最近,在控制和强化学习的背景下,人们对基于梯度的方法的理论性质的研究越来越感兴趣。研究了无限视界连续时间随机线性二次(SLQ)最优控制问题的策略梯度(PG)方法,其中动力学中的漂移项和扩散项既依赖于状态,也依赖于控制。在LQ框架中,最优控制通常可以用线性状态反馈形式表示。因此,我们将SLQ问题表述为策略优化问题,其中策略是线性参数化的。PO公式的一个主要挑战是稳定性约束在策略空间中是非凸的。我们利用梯度控制条件和l -平滑性克服了这一困难,从而建立了梯度流/下降算法的全局指数/线性收敛性。最后给出了一个数值算例,说明了梯度下降法的收敛性。

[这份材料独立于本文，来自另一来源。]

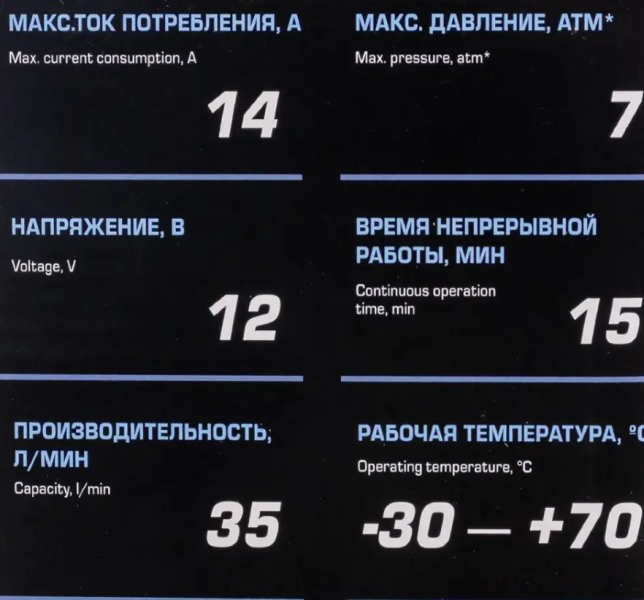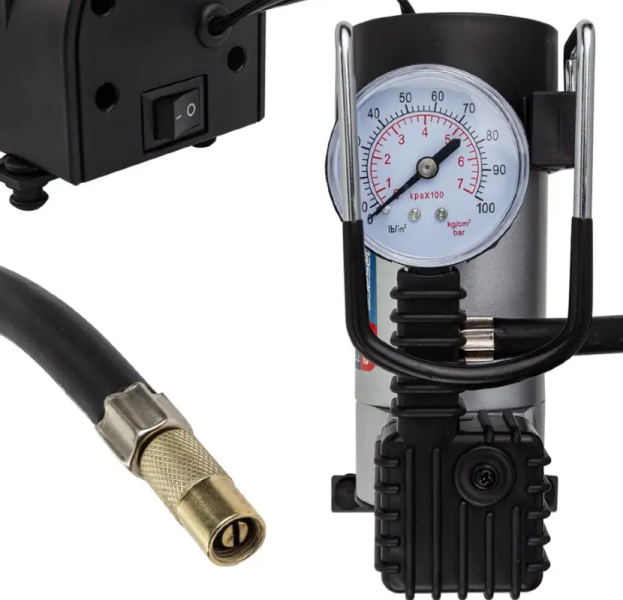 Автомобильный поршневой компрессор - незаменимый инструмент, который поможет вам путешествовать с комфортом. Основные детали корпуса и подшипники выполнены из металла, обеспечивая надежность и длительный срок службы поршневого компрессора. В комплекте есть 3 сменные насадки для подкачки резиновых лодок, надувных матрасов и мячей. Штуцер на шланге винтовой высокого давления. В комплект также входит тканевая сумка для удобной транспортировки и хранения компрессора, а также для защиты от механических повреждений. Технические характеристики: Питание от автомобильной сети 12В (прикуриватель); Максимальное давление, атм (кг/см2): 7; Производительность, л/мин: 35; Время непрерывной работы : 15 минут; Максимальный ток потребления : 14 А; Рабочая температура : -30°- +70°.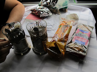 The kupe has room for 4 people, but most of the time, we were alone. We didn’t have much interaction with the people on the train. We learnt the numbers and some words in Russian from one of the passengers that spent one day with us, we tried to avoid a drunk teenager who was obsessed with us and with red eyes and spiting kept following us and repeating something about Finland!, and we held our breath whenever a really stinking family was near us. But most of our travel fellows didn’t know a word of English, and we just kept to ourselves.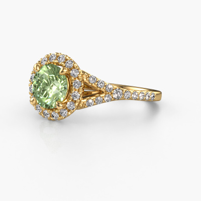 Bovenstaande verlovingsring heeft de naam Kimber RND. Dit type verlovingsring noemen we een pavé solitaire verlovingsring omdat hij een enkele middensteen heeft waarbij de banden van de verlovingsring ook volgezet zijn. De verlovingsring is uitgevoerd in de combinatie 14 Carat goud met goud en heeft als middensteen een ronde groene lab grown diamant ter grootte van 7 mm en in de zijbanden zijn lab-grown diamanten gezet. Ieder juweel is gemaakt om aan je vinger te stralen, ieder sieraad wordt met liefde door onze goudsmeden met de hand gemaakt.Deze klassieke gouden pavé solitaire verlovingsring heeft een schitterende ronde groene lab grown diamant als centersteen, waarbij in de band nog meer groene lab grown diamanten zijn gezet om de middensteen nog meer te accentueren. Doordat de zetting van de pootjes om de groene lab grown diamant open is, vangt de groene lab grown diamant het licht van alle kanten op en schittert hierdoor optimaal. Hierboven kun je zien hoe onze goudsmid de verlovingsring heel precies tot in de kleinste details heeft bewerkt, zodat de wat hoger gelegen groene lab grown diamant een echte eyecatcher is. Wat een prachtige verlovingsring om te geven bij je aanzoek aan de liefde van jouw leven, aan jouw stralende middelpunt!Wist je dat we een beste prijs garantie geven voor jouw verlovingsring? Dit is mogelijk omdat al onze sieraden met de hand gemaakt worden in ons eigen atelier. We hebben geen dure voorraden, en we maken pas je verlovingsring op het moment dat je besteld hebt. Doordat we de hele productie zelf in de hand hebben, kunnen wij je goed informeren over alle eigenschappen van deze ring. Juist omdat het kopen van een verlovingsring online spannend is, begrijpen wij dat het fijn is om alle kenmerken te weten van jouw ring.Ons team is iedere dag weer bezig om nieuwe ontwerpen toe te voegen, in samenwerking met onze designers en goudsmeden wordt gekeken hoe we tot het mooiste ontwerp kunnen komen. Wij doen ons best om tot een zo gevarieerd mogelijk aanbod te komen. Wellicht heb je zelf al een mooi idee van een sieraad dat je ooit wel eens gezien hebt. Neem dan eens vrijblijvend contact met ons op. Wij maken een offerte voor je op waarbij wij vrij zeker zijn dat we wat betreft kwaliteit en prijs jou versteld zullen laten staan.Om het voor jou makkelijker te maken kun je ieder besteld sieraad binnen 30 dagen na aflevering eenvoudig weer retour sturen.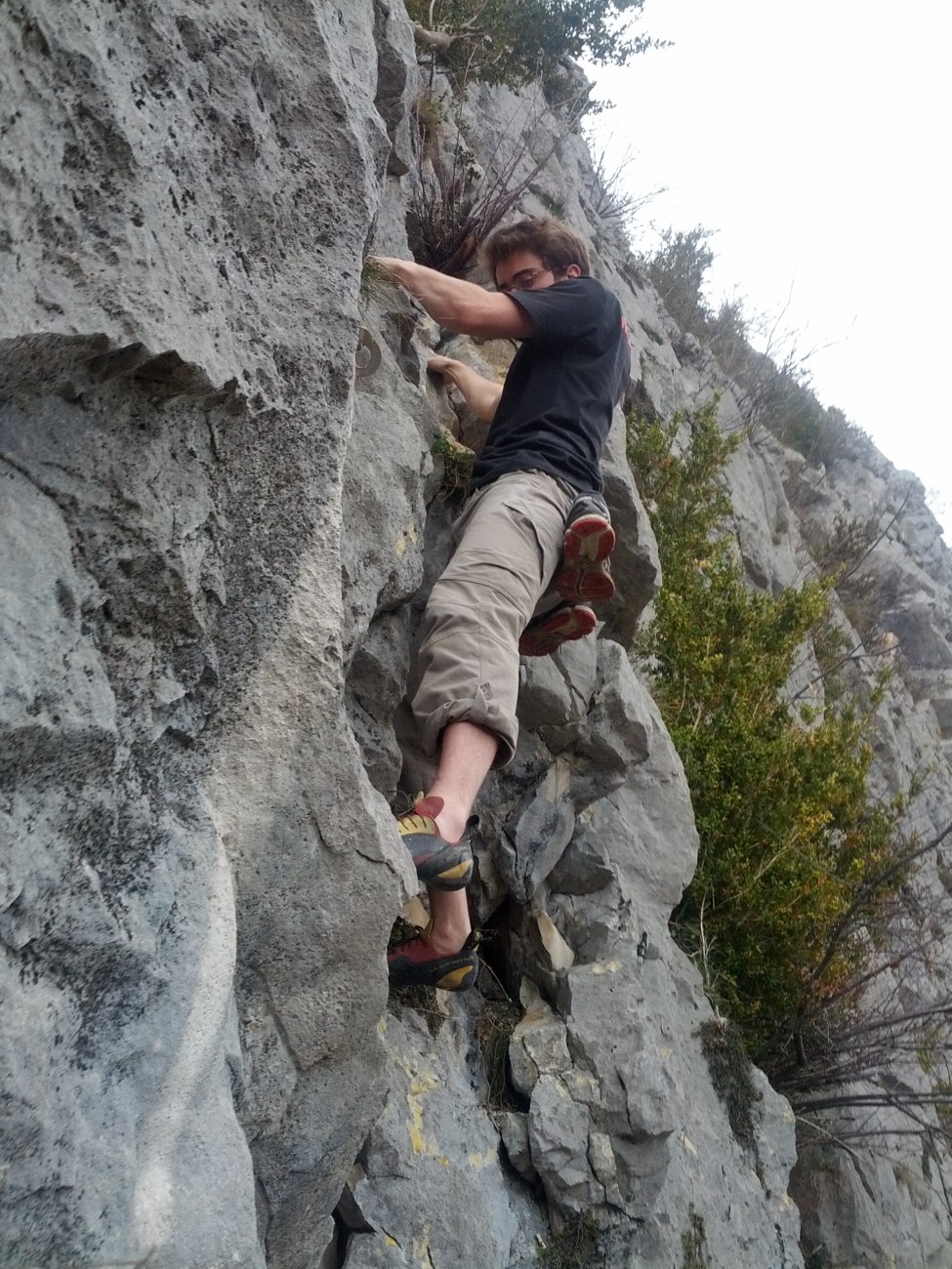 Escalade solo PY Decaudin et Denis Corpet, 26 mars 2015 - Voie des Pères tranquilles, puis Roujas 2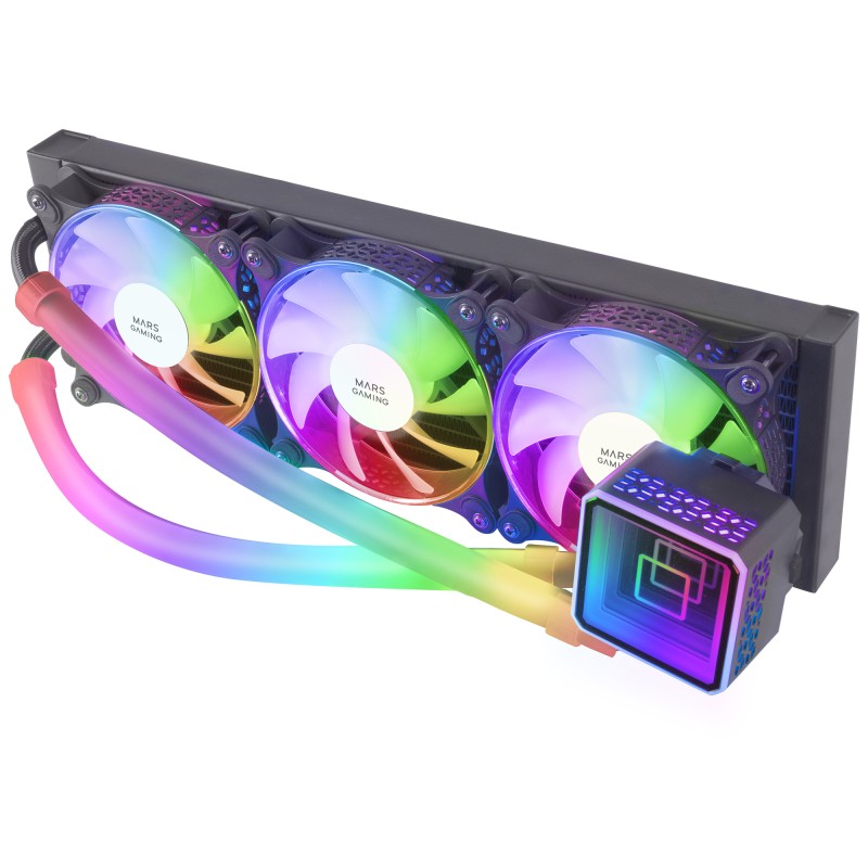 Mars Gaming ML-ULTRA360 Negro, Refrigeración Líquida CPU, TDP 650W, Espejo Infinito, 3 Ventiladores Silenciosos FDB ARGB, Tubos ARGB, Multisocket Universal. Tipo: Kit de refrigeración líquida, Diámetro de ventilador: 12 cm, Tipo de soporte: Hidráulico. Color del producto: Negro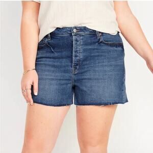 Old Navy High Waisted Button Fly Sky-Hi A-Line Cut-Off Jean Shorts Size 30 Plus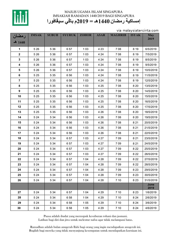Jadual Waktu Stam 2018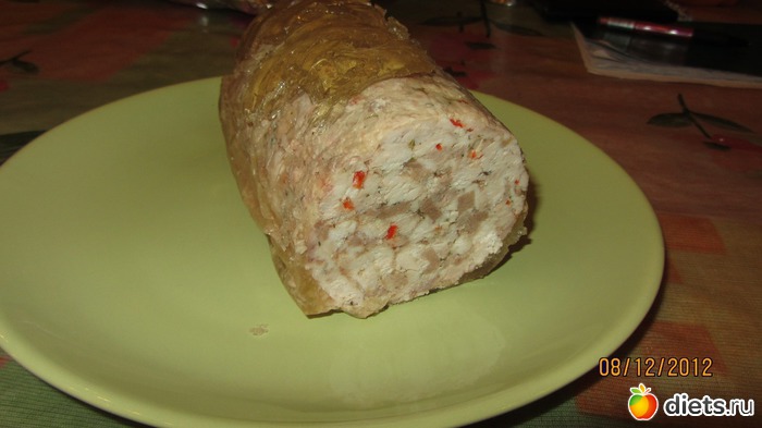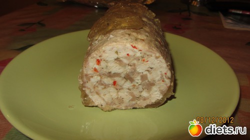 Ингредиенты :1,8кг бедер куриных, 500 гр грудка индейки, 300гр вареного языка 1/4 перца болгарского. желатин 30 гр, соль, перец, специи.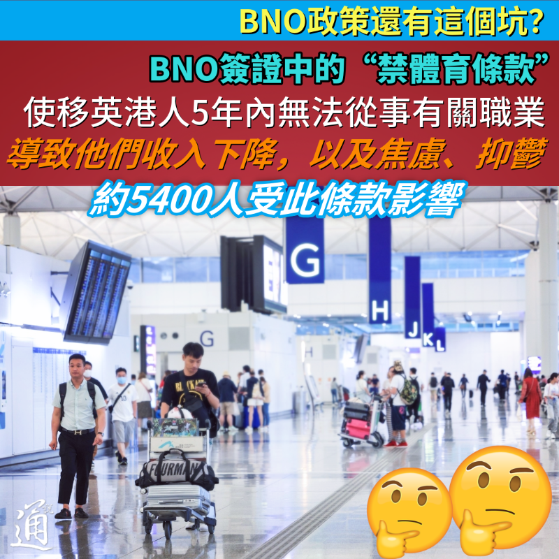 5年無法從事體育工作 香港BNO移民焦慮抑鬱香港新聞網2月18日電 原來,BNO政策的坑這麼多? 一群在英國的港人組織近日赴瑞士日內瓦出席聯合國經濟、社會及文化權利委員會會議,哭訴移英港人在英國面臨的困難,包括由於BNO簽證中的“禁體育條款”,使港人無法從事有關職業,導致他們收入下降,更患上焦慮、抑鬱等心理問題。 據美媒報道,在英港人組織——“蘇格蘭香港人”創辦人郭子健不滿,BNO簽證持有人因“禁體育條款”而在參與體育工作方面受到限制。根據條款,簽證持有人5年內被禁止從事專業運動員或教練工作。 根據“蘇格蘭香港人”的研究,4%的BNO簽證持有人,即大約5400人受此條款影響,當中大部分原本為體育教練,也有職業運動員,以及從事體育管理、裁判或考官的人士。 無法從事擅長的事業,不少人不得不轉行至低薪工作,導致他們收入下降並產生心理問題。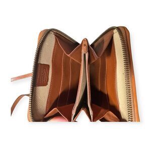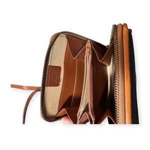 Great quality crafted in leather, brass tone hardware, leather trim, zip along closure, one snap pocket on the front. leather lining and one zip pocket in the middle and space for credit cards. Crossbody leather strap removable and adjustable. The purse is in great condition whit some minor peeling inside, you can see better in the pictures. Nice style perfect for wearing everyday.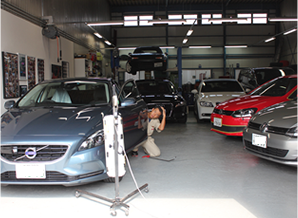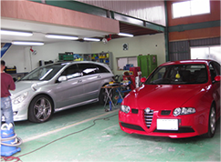 整備工場(四代目)。毎日たくさんの愛車がズラリと並びます。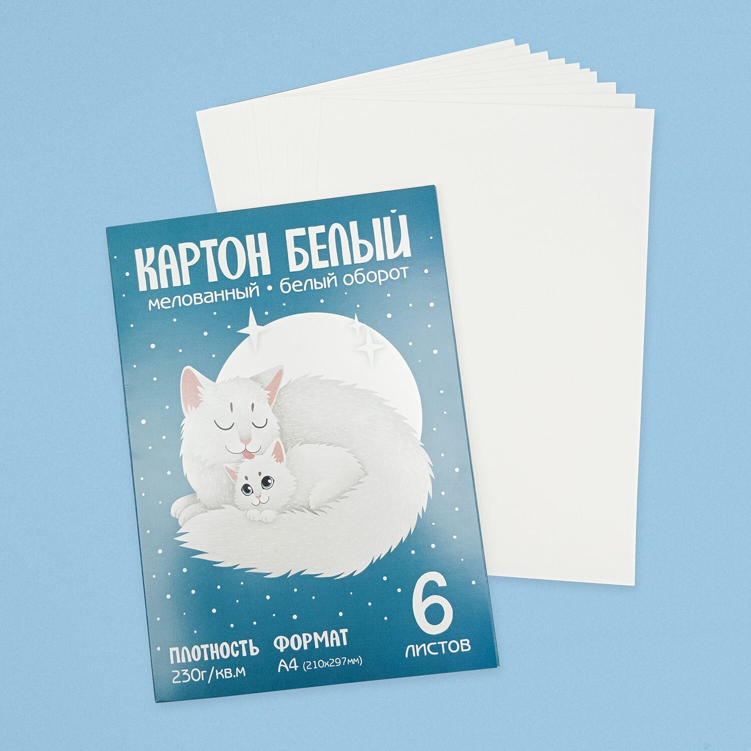 Купить Белый картон А4 230г/кв.м для творчества, мелованный, 6 листов
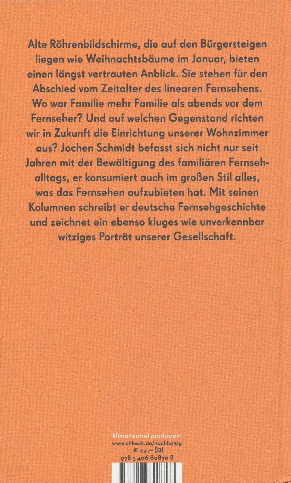 Sie stehen für den Abschied vom Zeitalter des linearen Fernsehens. Wo war Familie mehr Familie als abends vor dem Fernseher? Und auf welchen Gegenstand richten wir in Zukunft die Einrichtung unserer Wohnzimmer aus? Jochen Schmidt befasst sich nicht nur seit Jahren mit der Bewältigung des familiären Fernsehalltags, er konsumiert auch im großen Stil alles, was das Fernsehen aufzubieten hat. Mit seinen Kolumnen schreibt er deutsche Fernsehgeschichte und zeichnet ein ebenso kluges wie unverkennbar witzigesPorträt unserer Gesellschaft.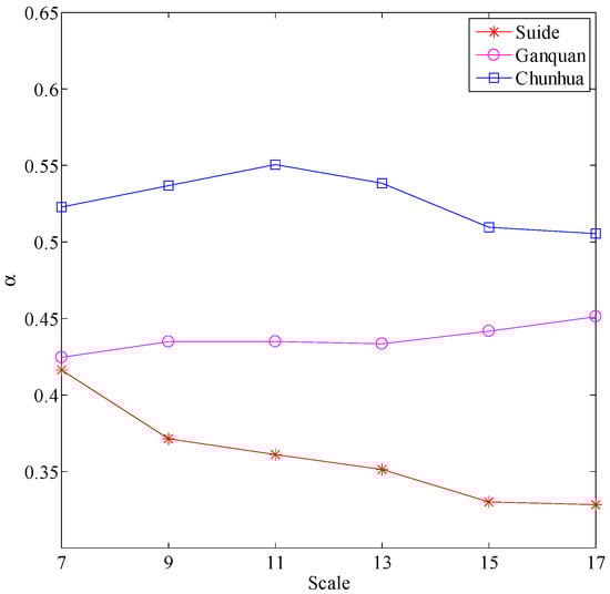 Figure 8a,b shows that the correlation coefficient α of the loess shoulder-line topography and local Hurst exponent of topographic variation of the Suide study site for the analysis of scale 7 and 17 are relatively small, i.e., 0.4163 and 0.3283, respectively. The DCCA parameter α decreases with increasing analysis scale, which indicates the analysis scale to loess shoulder-line topographic variation is not affected. In the different analysis scales, the DCCA correlation coefficient α of the Suide site is less than that of the Ganquan and Chunhua study sites. In all the analysis scales, the highest correlation coefficient is 0.4163, and the best analysis scale is 7 for the Suide study site. All of the DCCA correlation coefficients α are very low for the Suide site and this suggests that the local Hurst exponent is not reliable for representing the loess hill land surface variation. Figure 8c,d shows that the DCCA correlation coefficient α in the analysis scale 7 and 17 are 0.4246 and 0.4512, respectively, for the Ganquan study site. In this case, the DCCA parameter α increases when the analysis scale increases. This indicates the reliability of the local Hurst exponent that reflects the loess ridge land surface variation. For the Ganquan site, the optimal analysis scale is scale 17 when using the local Hurst exponent to describe the topographic variation. Figure 8e,f shows that the correlation coefficient α is more than 0.5 for the Chunhua site, at the analysis scale 7 and 17, the values of the correlation coefficient α are 0.5229 and 0.5055, respectively. The local Hurst exponent and loess shoulder-line land variation has a relatively strong correlation in the Chuanhua site and this indicates that the local Hurst exponent is very suitable to reflect the loess tableland topographic variation. According to Figure 9, at the different analysis scales, the DCCA correlation coefficient α is the highest for the Chunhua site, for which the correlation coefficient α is different from that of the other two sites. An increase in the analysis scale first increases and then decreases the correlation coefficient α, which reaches its maximum when the analysis scale is 11, which is the best analysis scale of the Chunhua site. In the loess shoulder-line land surface analysis of loess tableland, the selection of a suitable analysis scale has a great influence on the results of land surface analysis.

本文章由计算机程序翻译,如有差异,请以英文原文为准。
查看原文
分享 分享
微信好友 朋友圈 QQ好友 复制链接
本刊更多论文
Convergence of policy gradient for stochastic linear quadratic optimal control problems in infinite horizon
Recently, there has been an increasing interest in studying theoretical properties of gradient-based methods in the context of control and reinforcement learning. This article studies the policy gradient (PG) method for infinite horizon continuous-time stochastic linear quadratic (SLQ) optimal control problems, where the drift and diffusion terms in dynamics depend on both the state and control. Within the LQ framework, the optimal controls can usually be expressed by a linear state feedback form. Thus we formulate the SLQ problem as a policy optimization (PO) problem, where the policy is linearly parameterized. A main challenge for the PO formulation is that the stability constraints are nonconvex in the policy space. We overcome this difficulty by leveraging the gradient domination condition and L-smoothness property, thereby establishing global exponential/linear convergence of the gradient flow/descent algorithm. Finally, a numerical example is given to illustrate the convergence of gradient descent method.
求助全文
通过发布文献求助,成功后即可免费获取论文全文。 去求助
来源期刊
CiteScore
2.50
自引率
7.70%
发文量
790
审稿时长
6 months
期刊介绍: The Journal of Mathematical Analysis and Applications presents papers that treat mathematical analysis and its numerous applications. The journal emphasizes articles devoted to the mathematical treatment of questions arising in physics, chemistry, biology, and engineering, particularly those that stress analytical aspects and novel problems and their solutions. Papers are sought which employ one or more of the following areas of classical analysis: • Analytic number theory • Functional analysis and operator theory • Real and harmonic analysis • Complex analysis • Numerical analysis • Applied mathematics • Partial differential equations • Dynamical systems • Control and Optimization • Probability • Mathematical biology • Combinatorics • Mathematical physics.
期刊最新文献
Remarks on positive solutions to a p-Laplacian problem with a possibly singular nonlinearity On asymptotic expansions of resolvents for Poisson distributed random Schrödinger operators On the existence of optimal controls for reflected McKean–Vlasov stochastic differential equations Dispersive decay for the inter-critical nonlinear Schrödinger equation in R3 A conjecture of Radu and Sellers on congruences modulo powers of 2 for broken 3-diamond partitions
×
引用
GB/T 7714-2015
复制
MLA
复制
APA
复制
导出至
BibTeX EndNote RefMan NoteFirst NoteExpress
×
×
提示
您的信息不完整,为了账户安全,请先补充。
现在去补充
×
提示
您因"违规操作"
具体请查看互助需知
我知道了
×
提示
现在去查看 取消
×
提示
确定
0
微信
客服QQ
Book学术公众号 扫码关注我们
反馈
×
意见反馈
请填写您的意见或建议
请填写您的手机或邮箱
已复制链接
已复制链接
快去分享给好友吧!
我知道了
×
扫码分享
扫码分享
Book学术官方微信
Book学术官方微信
Book学术文献互助
Book学术文献互助群
群 号:604180095
Book学术
文献互助 智能选刊 最新文献 互助须知 联系我们:info@booksci.cn
Book学术提供免费学术资源搜索服务,方便国内外学者检索中英文文献。致力于提供最便捷和优质的服务体验。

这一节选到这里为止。